Binomial Random Variables
Binomial experiments have
- a fixed number of trials \(n\), where
- each trial has only two possible outcomes, “success” (having probability \(p\)) and “failure” (having probability \(1 - p\)), where
- “success” is defined as the condition which we are trying to satisfy, e.g. making a free throw, answering a question correctly, flipping a coin and getting “heads,”
- the “success” probability \(p\) is constant for all trials, and finally
- all trials are independent of each other.
- A rule of thumb is we can assume independence if the sample size is less than or equal to 1/10th of the population size.

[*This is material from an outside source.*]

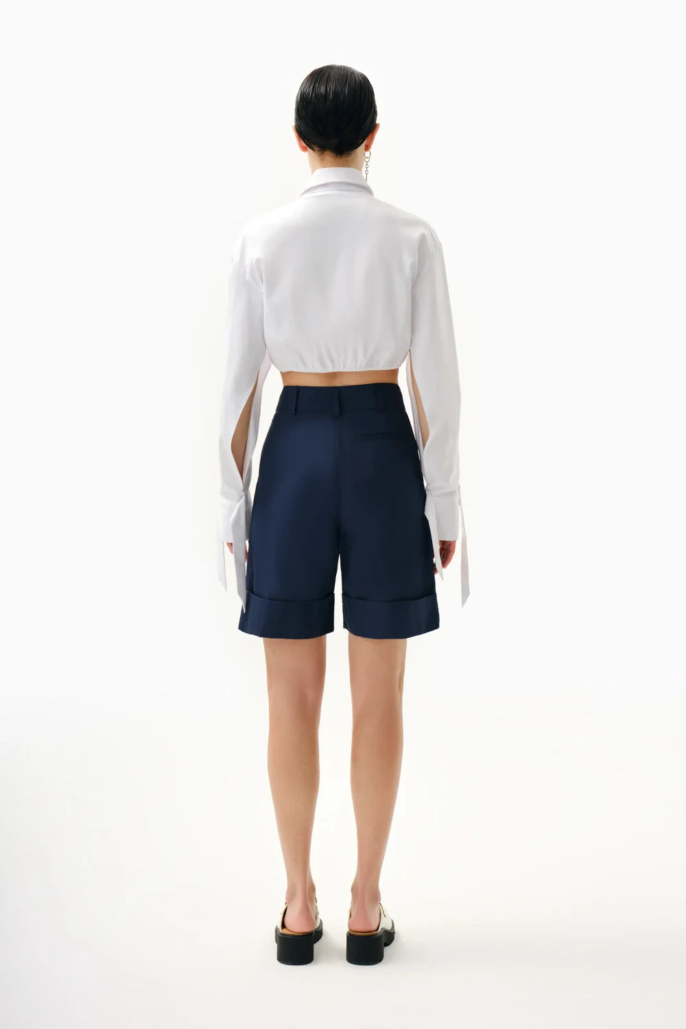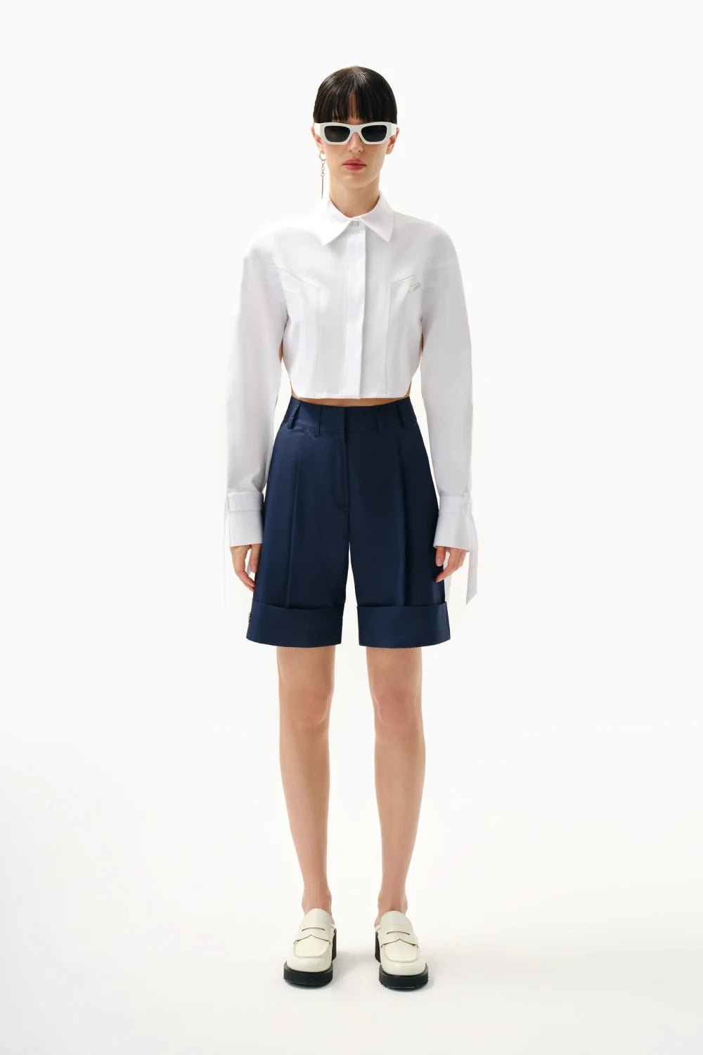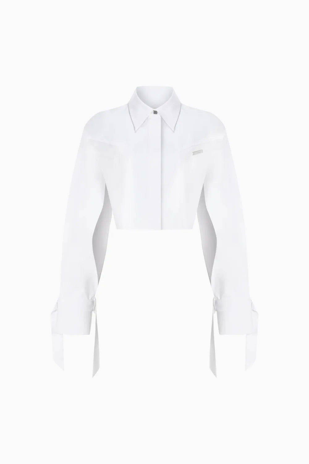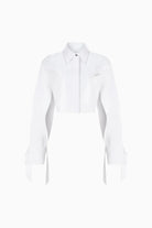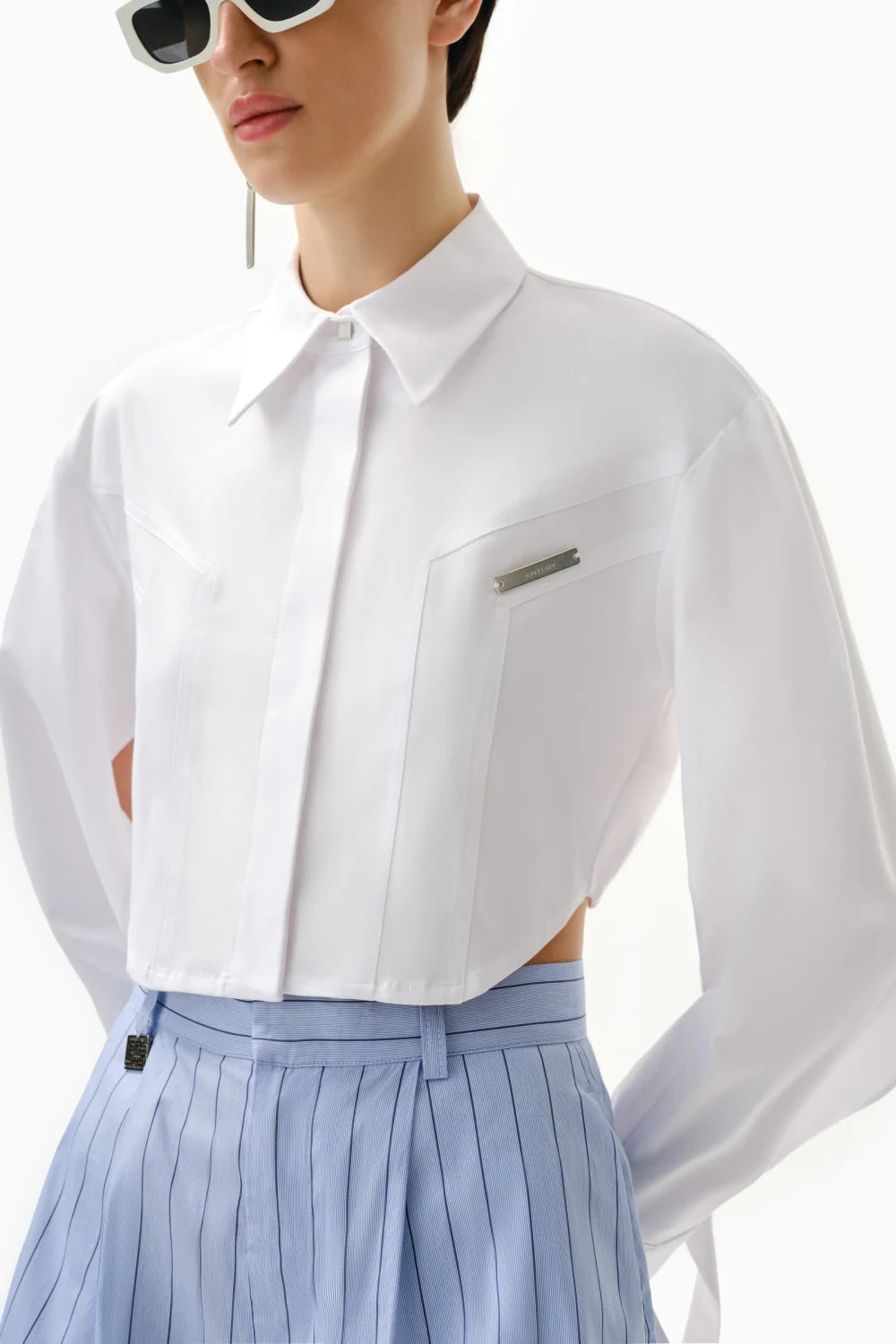 Asimetrik kesim, beli lastikli, metal logo aksesuarlı, kolu yırtmaçlı, beyaz poplin gömlek.

The binomial random variable \(X\) represents the number of “successes” in those \(n\) trials given probability of success \(p\). We can say “\(X\) is binomial with \(n = ...\) and \(p = ...\)” The trials in binomial experiments are known as Bernoulli Trials.
Probability Mass Function for a Binomial Random Variable
In a binomial experiment, we can count the number of possible outcomes having \(k\) successes: \begin{equation} \frac{n!}{k!(n - k)!} \tag{Number of combinations} \end{equation} which has a shorthand version: \begin{equation} \binom{n}{k} \tag{Number of combinations shorthand} \end{equation}
The pmf is a function that gives the probability that a discrete random variable is exactly equal to some value; thus we can express the probability distribution as \begin{equation} P(X = x) = \frac{n!}{x!(n - x)!} p^x (1 - p)^{n - x} , \ \text{for 0} \leq x \leq n \end{equation} where we’re multiplying the number of ways we can get \(x\) successes by the probability of getting \(x\) successes in \(n\) independent trials.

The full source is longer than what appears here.